Compare to Portfolio.approximate which returns a single sev fixed freq agg, this returns a scipy dist by default.
Use case: exam questions with the normal approacimation!
- Parameters
approx_type – norm, lognorn, slognorm (shifted lognormal), gamma, sgamma. If ‘all’ then returns a dictionary of each approx.
output – scipy - frozen scipy.stats continuous rv object; sev_decl - DecL program for severity (to substituate into an agg ; no name) sev_kwargs - dictionary of parameters to create Severity agg_decl - Decl program agg T 1 claim sev_decl fixed any other string - created Aggregate object
- Returns
as above.
- cdf(x, kind='previous')[source]
Return cumulative probability distribution at x using kind interpolation.
2022-10 change: kind introduced; default was linear
- Parameters
x – loss size
- Returns
- cramer_lundberg(rho, cap=0, excess=0, stop_loss=0, kind='index', padding=1)
Return the Pollaczeck-Khinchine Capital function relating surplus to eventual probability of ruin. Assumes frequency is Poisson.

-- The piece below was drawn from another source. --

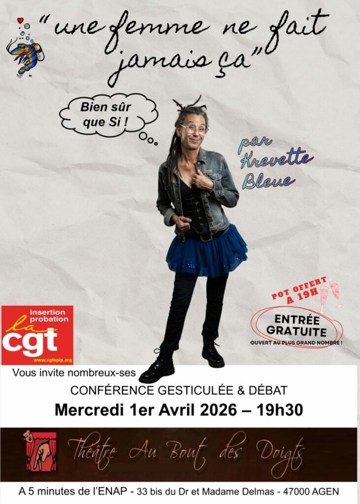 Accès libre, rdv à 19H le 1er Avril 2026 au Théâtre du bout des doigts , à côté de l’ENAP, 33 Bis du DR et Mme DELMAS à AGEN.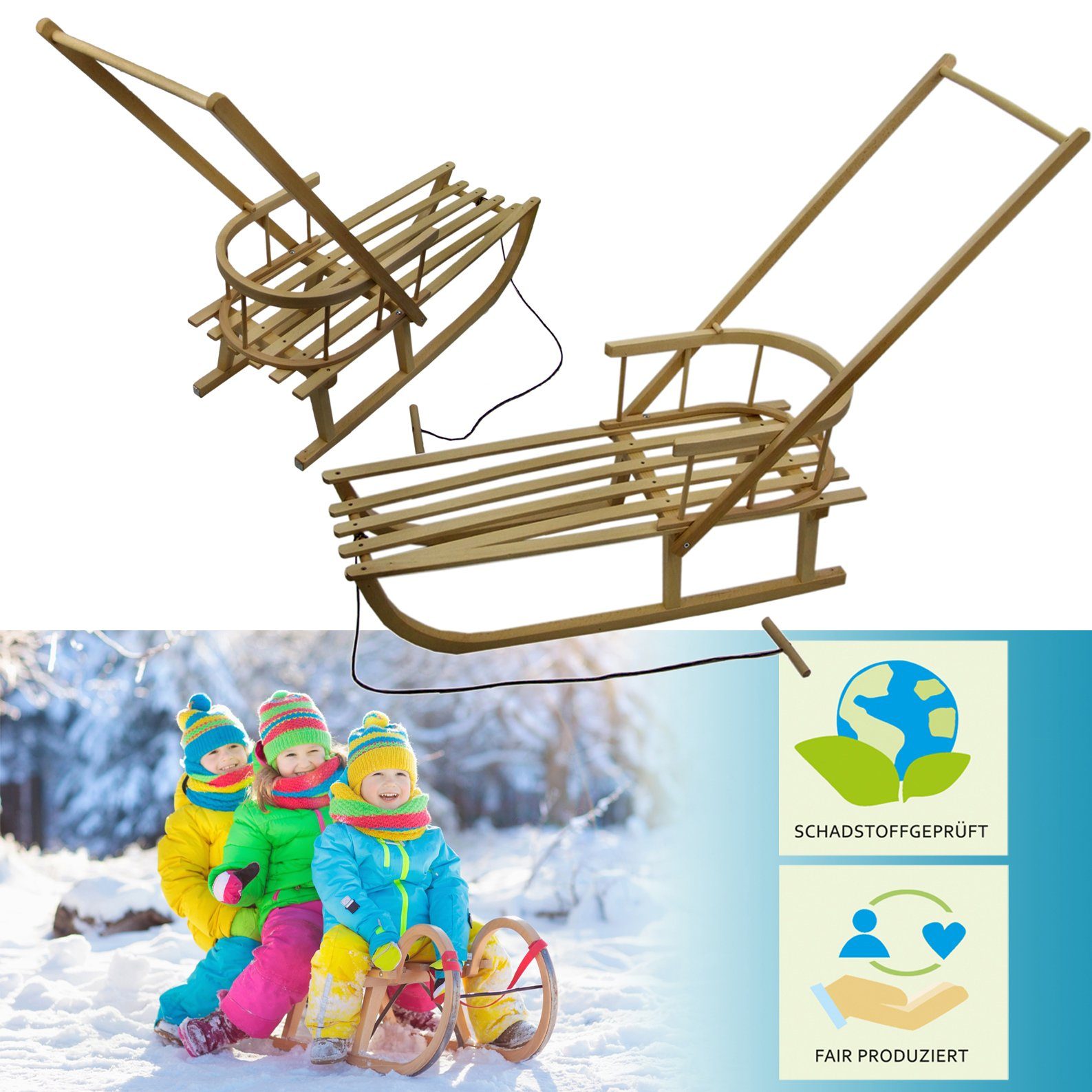 Lieferumfang | 1 x Holzschlitten 1x Rückenlehne 1 x Schiebestange 1 x Zugseil |

See Embrechts, Kluppelberg, Mikosch 1.2, page 28 Formula 1.11
TODO: Should return a named tuple.
- Parameters
rho – rho = prem / loss - 1 is the margin-to-loss ratio
cap – cap = cap severity at cap, which replaces severity with X | X <= cap
excess – excess = replace severity with X | X > cap (i.e. no shifting)
stop_loss – stop_loss = apply stop loss reinsurance to cap, so X > stop_loss replaced with Pr(X > stop_loss) mass
kind –
padding – for update (the frequency tends to be high, so more padding may be needed)
- Returns
ruin vector as pd.Series and function to lookup (no interpolation if kind==index; else interp) capitals
- property density_df
Create and return the density_df data frame. A read only property, though if you write d = a.density_df you can obviously edit d. Some duplication of columns (p and p_total) to ensure consistency with Portfolio.
- Returns
DataFrame similar to Portfolio.density_df.
- property describe
Theoretic and empirical stats. Used in _repr_html_.

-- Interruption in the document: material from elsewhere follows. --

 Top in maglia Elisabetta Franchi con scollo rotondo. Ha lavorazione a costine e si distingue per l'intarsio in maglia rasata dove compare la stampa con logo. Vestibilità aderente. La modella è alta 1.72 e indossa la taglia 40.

- discretize(sev_calc, discretization_calc, normalize)[source]
Discretize the severity distributions and weight.
sev_calc
describes how the severity is discretize, see `Discretizing the Severity Distribution`_. The options are discrete=round, forward, backward or moment.sev_calc='continuous'
(same as forward, kept for backwards compatibility) is used when you think of the resulting distribution as continuous across the buckets (which we generally don’t). The buckets are not shifted and so \(Pr(X=b_i) = Pr( b_{i-1} < X \le b_i)\). Note that \(b_{i-1}=-bs/2\) is prepended.We use the discretized distribution as though it is fully discrete and only takes values at the bucket points. Hence, we should use sev_calc=’discrete’. The buckets are shifted left by half a bucket, so \(Pr(X=b_i) = Pr( b_i - b/2 < X \le b_i + b/2)\).

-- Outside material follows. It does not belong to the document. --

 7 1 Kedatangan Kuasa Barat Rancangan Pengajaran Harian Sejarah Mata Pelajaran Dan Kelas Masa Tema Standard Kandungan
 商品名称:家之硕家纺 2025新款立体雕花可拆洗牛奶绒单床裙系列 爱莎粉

The other wrinkle is the righthand end of the range. If we extend to np.inf then we ensure we have probabilities that sum to 1. But that method introduces a probability mass in the last bucket that is often not desirable (we expect to see a smooth continuous distribution, and we get a mass). The other alternative is to use endpoint = 1 bucket beyond the last, which avoids this problem but can leave the probabilities short. We opt here for the latter and normalize (rescale).
discretization_calc
controls whether individual probabilities are computed using backward-differences of the survival function or forward differences of the distribution function, or both. The former is most accurate in the right-tail and the latter for the left-tail of the distribution. We are usually concerned with the right-tail, so prefer survival. Using both takes the greater of the two esimates giving the best of both worlds (underflow makes distribution zero in the right-tail and survival zero in the left tail, so the maximum gives the best estimate) at the expense of computing time.Sensible defaults: sev_calc=discrete, discretization_calc=survival, normalize=True.
- Parameters
sev_calc – discrete=round, forward, backward, or continuous and method becomes discrete otherwise
discretization_calc – survival, distribution or both; in addition the method then becomes survival
normalize – if True, normalize the severity so sum probs = 1. This is generally what you want; but when dealing with thick tailed distributions it can be helpful to turn it off.
- Returns
- easy_update(log2=16, bs=0, recommend_p=0.99999, debug=False, **kwargs)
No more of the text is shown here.